Top of RECORDED DATA

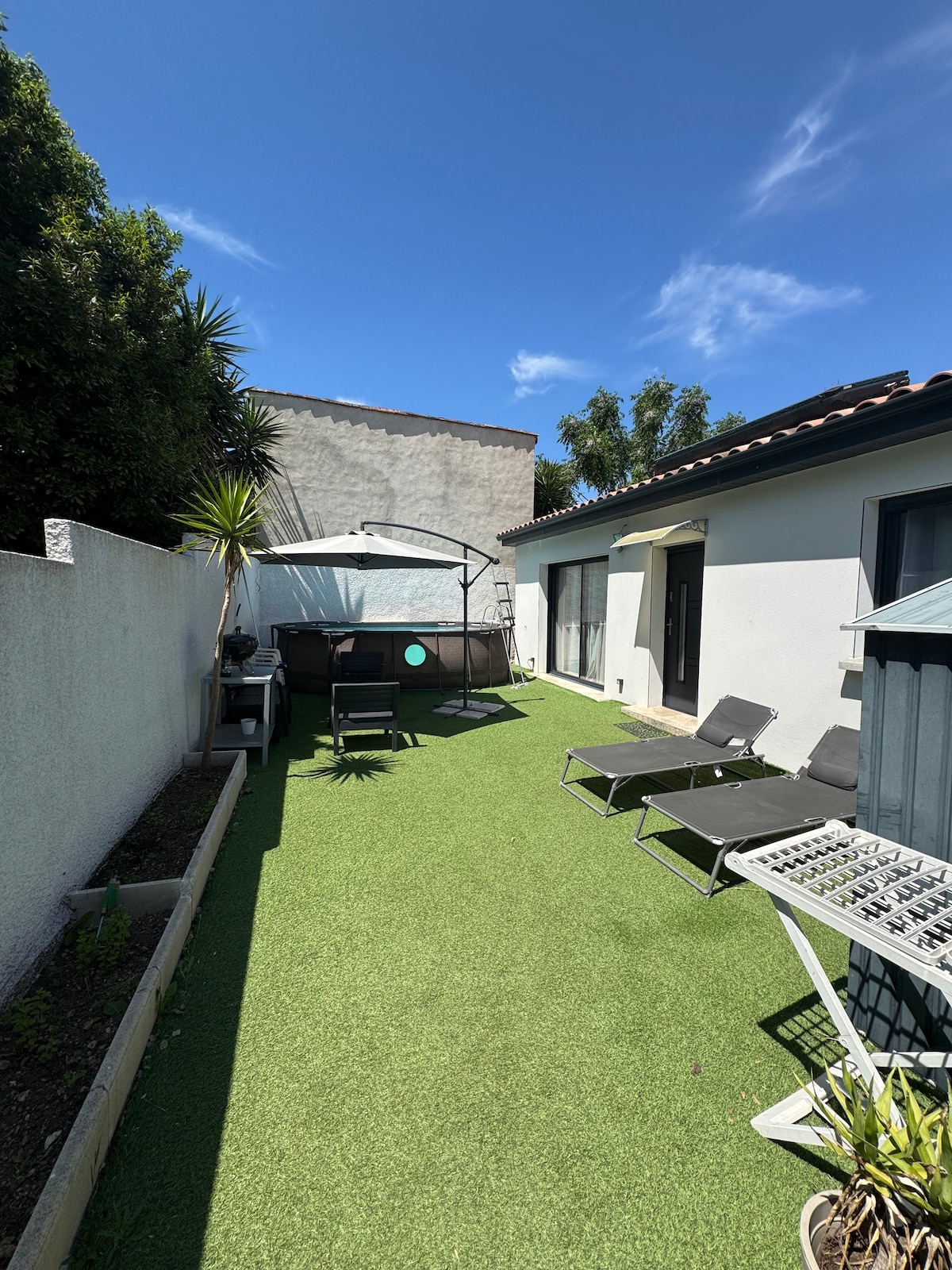 Pružamo vam smještaj u našem životnom prostoru, 30 m2, samo 15 minuta od prvih plaža, 15 minuta od Cap d 'Agde i 40 minuta od Monpeljea. Smještaj ima salon i kuhinju, spavaću sobu i kupatilo sa WC-om. Veliki spoljni prostor bez vize omogućiće vam da u potpunosti uživate u mediteranskoj klimi! Ugao u hladu će vam omogućiti da jedete, a sunčani kutak će koristiti ljubiteljima sunčanja! Dostupno je 1 parking mesto
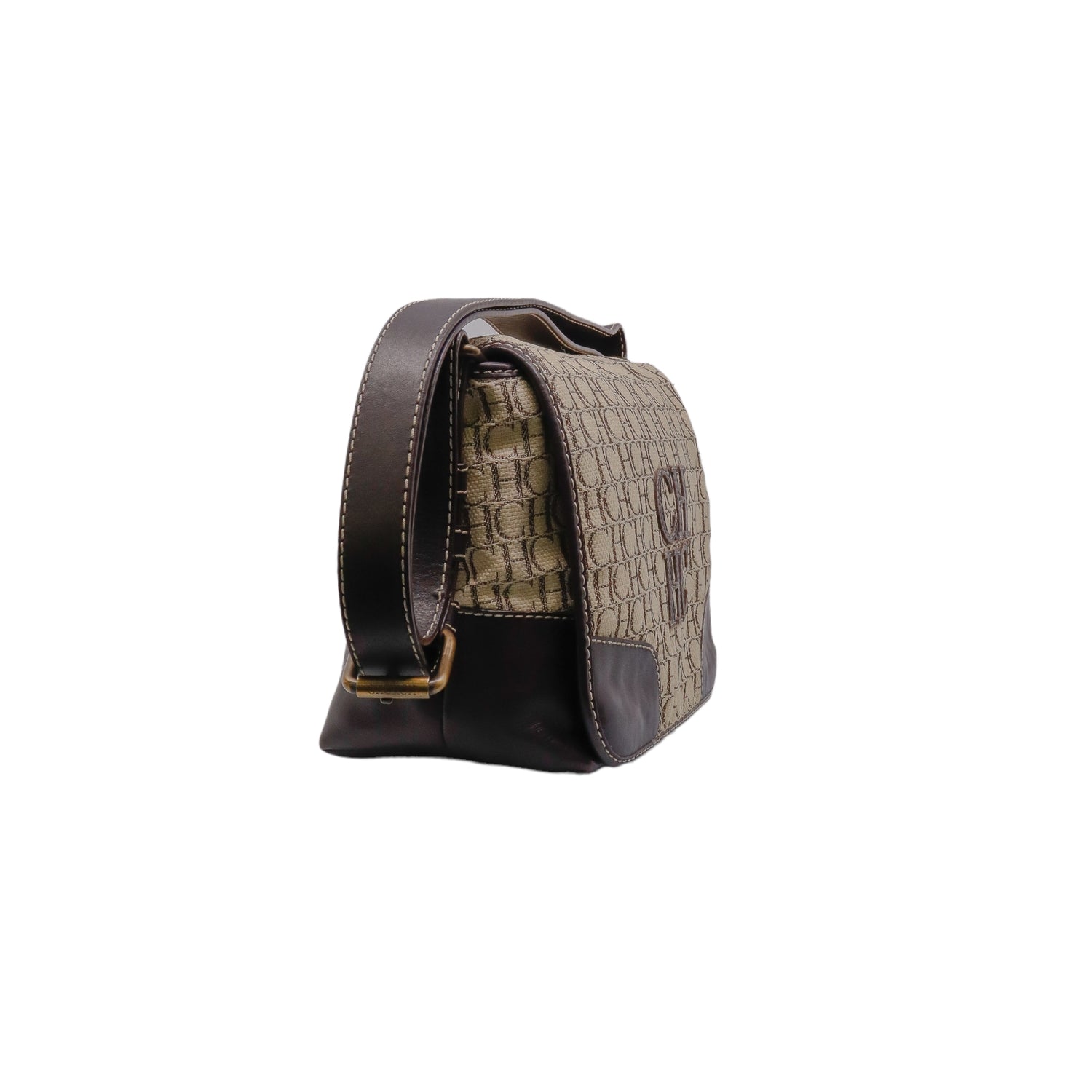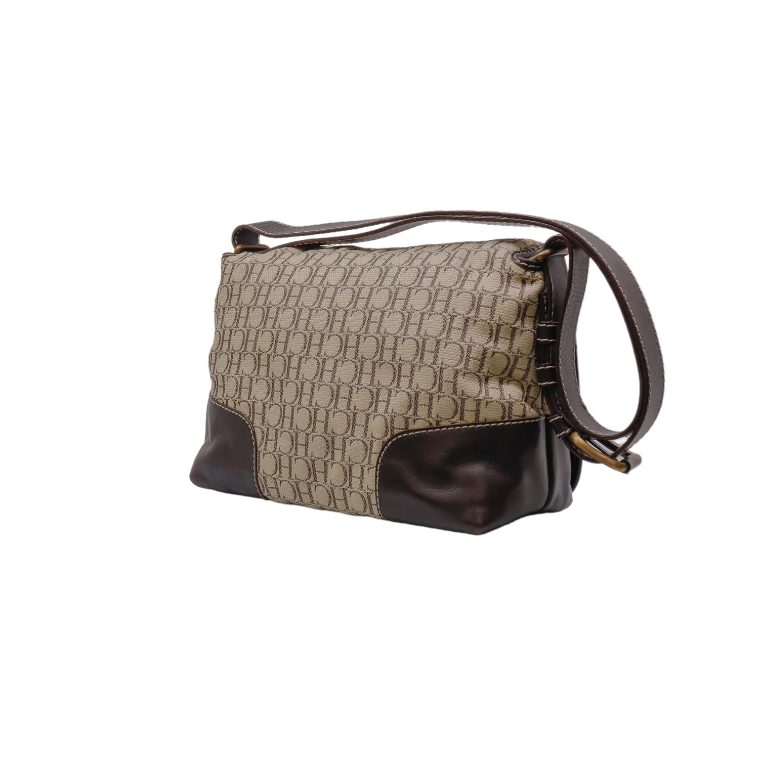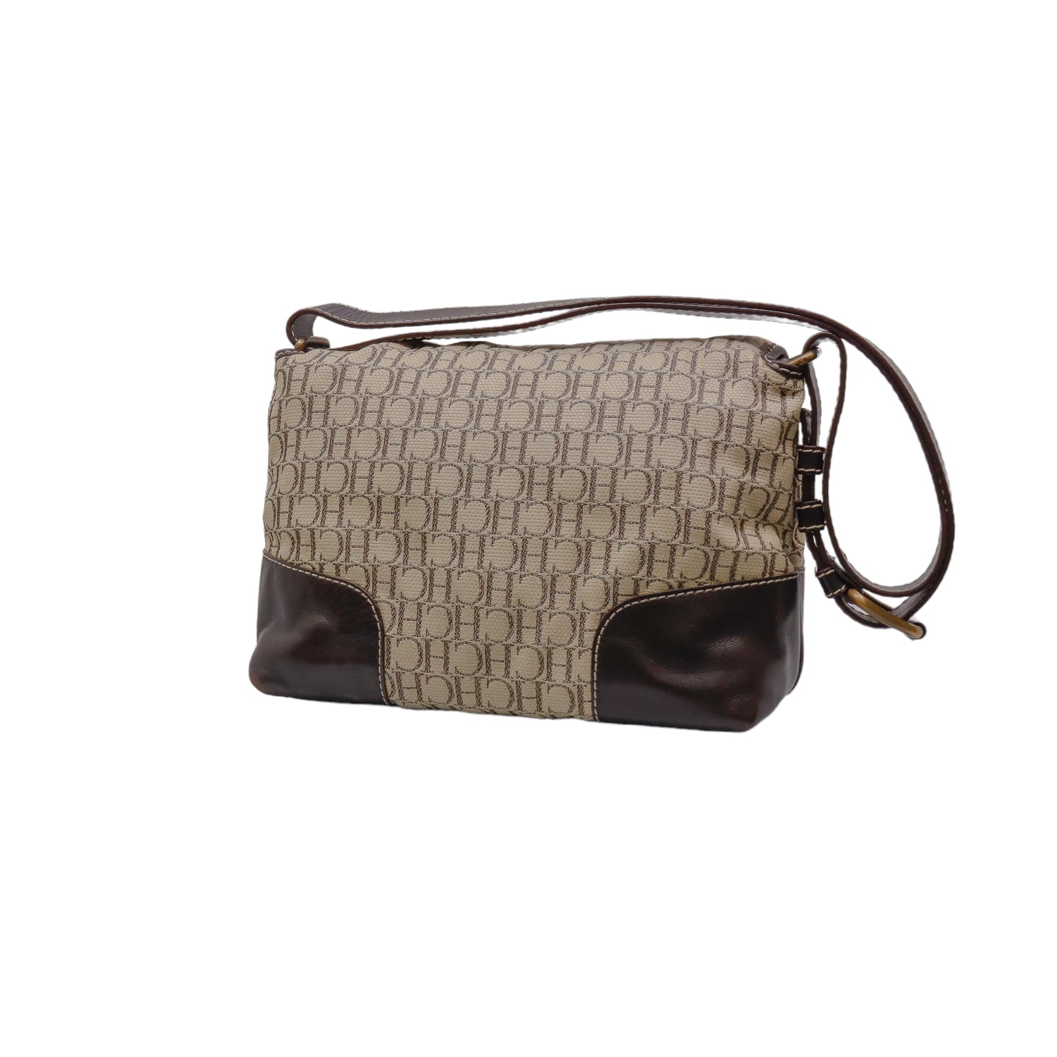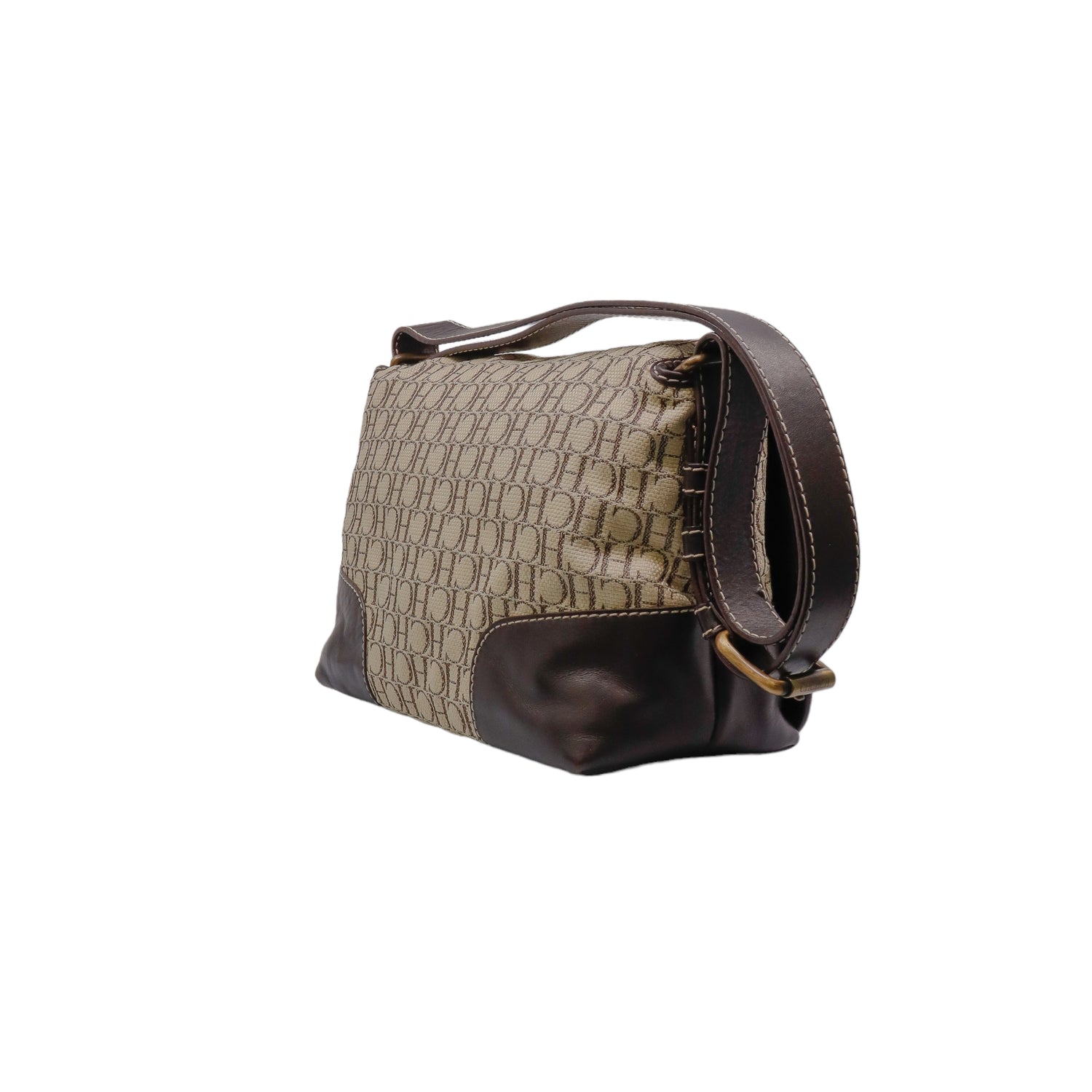 Bolso Carolina Herrera de la línea Caracas, confeccionado en jacquard beige con las iniciales de la marca en la solapa, forro interno en tela, base , esquinas, solapa y bandolera de piel color café, bolsillo interior con cierre de cremallera, poco desgaste, herrajes en color bronce.
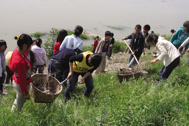 ·随州技师学院数百名学生在随城白云湖大堤清捡垃圾物

Bottom of RECORDED DATA

EXERCISE OBJECTIVE =>
What you give back should be the full material above, retyped exactly, with every image removed.

RESULT BELOW =>
 Pružamo vam smještaj u našem životnom prostoru, 30 m2, samo 15 minuta od prvih plaža, 15 minuta od Cap d 'Agde i 40 minuta od Monpeljea. Smještaj ima salon i kuhinju, spavaću sobu i kupatilo sa WC-om. Veliki spoljni prostor bez vize omogućiće vam da u potpunosti uživate u mediteranskoj klimi! Ugao u hladu će vam omogućiti da jedete, a sunčani kutak će koristiti ljubiteljima sunčanja! Dostupno je 1 parking mesto
 Bolso Carolina Herrera de la línea Caracas, confeccionado en jacquard beige con las iniciales de la marca en la solapa, forro interno en tela, base , esquinas, solapa y bandolera de piel color café, bolsillo interior con cierre de cremallera, poco desgaste, herrajes en color bronce.
 ·随州技师学院数百名学生在随城白云湖大堤清捡垃圾物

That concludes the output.